Warrick Dunn finally came face to face with his demons last October, at Angola State Prison, a short 56-mile drive from his hometown of Baton Rouge, La. The journey for Dunn had taken a lifetime.
Seated just a few feet away, with his hands shackled to his waist, was Kevan Brumfield, the man who had confessed to killing Dunn's mother, Baton Rouge police Cpl. Betty Smothers, on Jan. 7, 1993, during an ambush at a bank.
Dunn's intensely personal account of that encounter is the beginning of Running for My Life: My Journey in the Game of Football and Beyond. The book, written with former Sports Illustrated associate editor Don Yeager, goes on sale Tuesday, and includes a forward by Colts coach Tony Dungy.
Brumfield apologized to Dunn's family before saying, "I didn't do it. They got the wrong guy."
Dunn had been warned to expect that response, especially with an appeal of his death sentence pending.
Then Dunn bared his soul to a man he had never met.
"I told him in the years after my mom's death, I had been hesitant about being in a committed relationship, how I've been afraid to lose people," Dunn, 33, said. "I've been in counseling for many years over this very concept of having a true, committed relationship because I don't want to lose somebody I love twice in my life. ... I don't think I could suffer that pain again.
"If you didn't do it, I don't know why you are here today, but I know why I'm here today. I am here because I need to forgive somebody. I am here because it has been 14 years and it's time for me to move on."
Sports fans are aware of Dunn's remarkable career at Florida State, which led to fame and fortune with the Buccaneers and Falcons as one of only 23 players to rush for more than 10,000 yards in the NFL. As great as those accomplishments are, they share the spotlight with his charitable programs, such as the Home for the Holidays initiative that has helped 77 families and 201 dependents.
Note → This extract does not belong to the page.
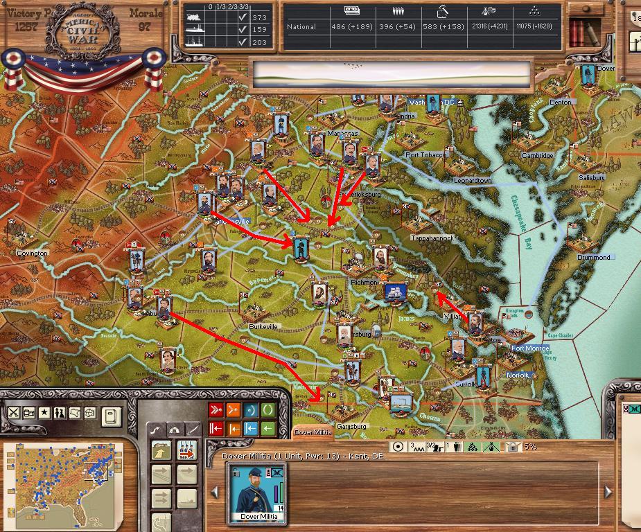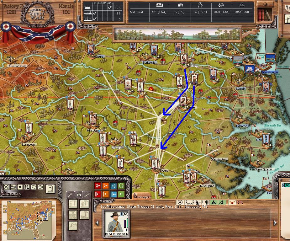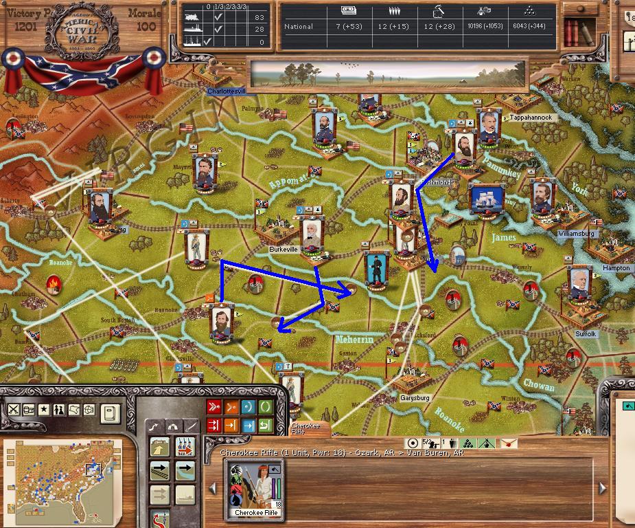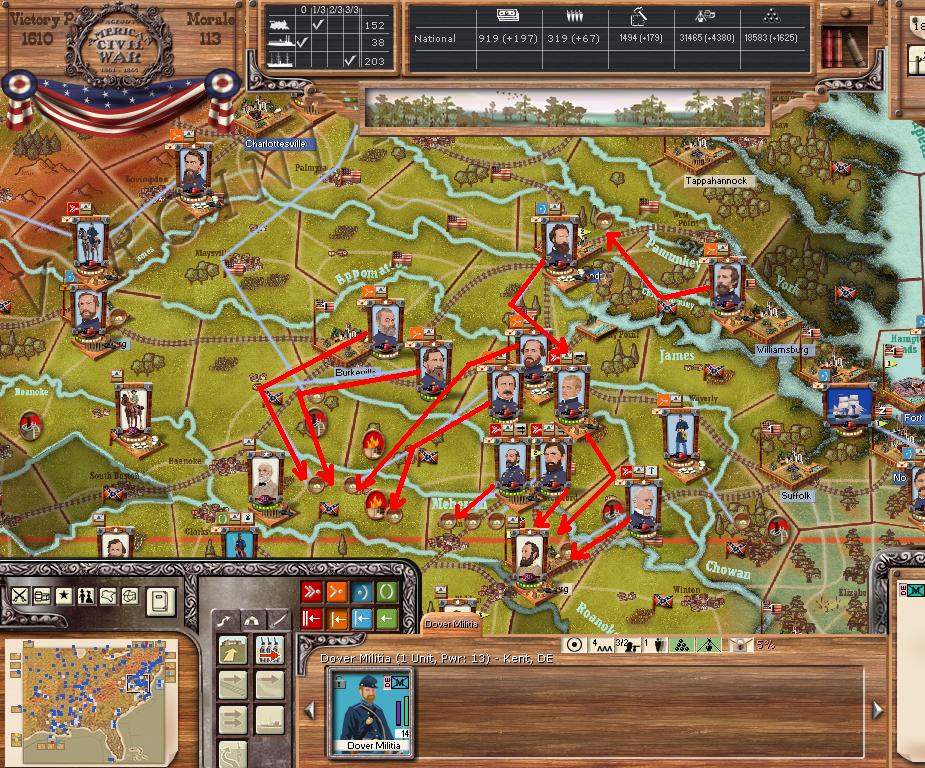 AOP - attempt to flank the ANV by moving to Lynchburg, VA. Norfolk units move west towards Petersburg. AOC move towards Winchester, ultimate goal of Chattanooga. AOT - gather at Natchez, Sherman will have to cross the Mississippi river. Mississippi command towards Meridan MS.

There are more than a few interesting revelations of particular interest to Bucs fans.
-He says he would've taken half a million less per year to remain in Tampa Bay, but general manager Rich McKay would not entertain matching the six-year, $28.5-million offer that included a $6.5-million signing bonus from the Falcons. Less than two years later, McKay left Tampa Bay to become GM of the Falcons.
Dunn also was so devastated about not being a part of the Bucs' Super Bowl XXXVII, he couldn't really watch the game. "I couldn't escape the feeling of, 'That could've been me.'"
-Despite his success at FSU, Dunn, 5 foot 9, 187 pounds, never thought he was good enough or big enough to make the NFL. "I figured I would be a 9-to-5 employee in a desk job somewhere in Baton Rouge after I graduated from FSU."
You think you know Dunn? Certainly, you know about the ground zero in his life, the loss of the woman he called his ''best friend.'' But only in reading his stunningly honest account can you understand how he became what he never set out to become: a role model. The memoir traces Dunn's life from that horrific night and details the struggle of raising five siblings, including a strained relationship with his brother, Derrick, who was diagnosed a few years ago with a slow-growing and inoperable brain tumor that has been kept in check with medication.
But after psychological counseling, Dunn learned to let his siblings go. They were old enough to take care of themselves and he needed to be free of being responsible for them.
"I needed to live my own life, for Warrick, for once," he said.
He started smiling, laughing and is learning to love.
The most vivid recurring memory of his mom is after his final high school game just a few weeks before she was killed. She came down from the stands and the two walked off the field holding hands.
To this day, he struggles with relationships and doesn't feel comfortable holding a woman's hand, which as one might imagine has been an issue with those he has dated. It's as if he "can't let someone else in that special place I've reserved for my mom."
But only by letting go could Dunn move on with his life.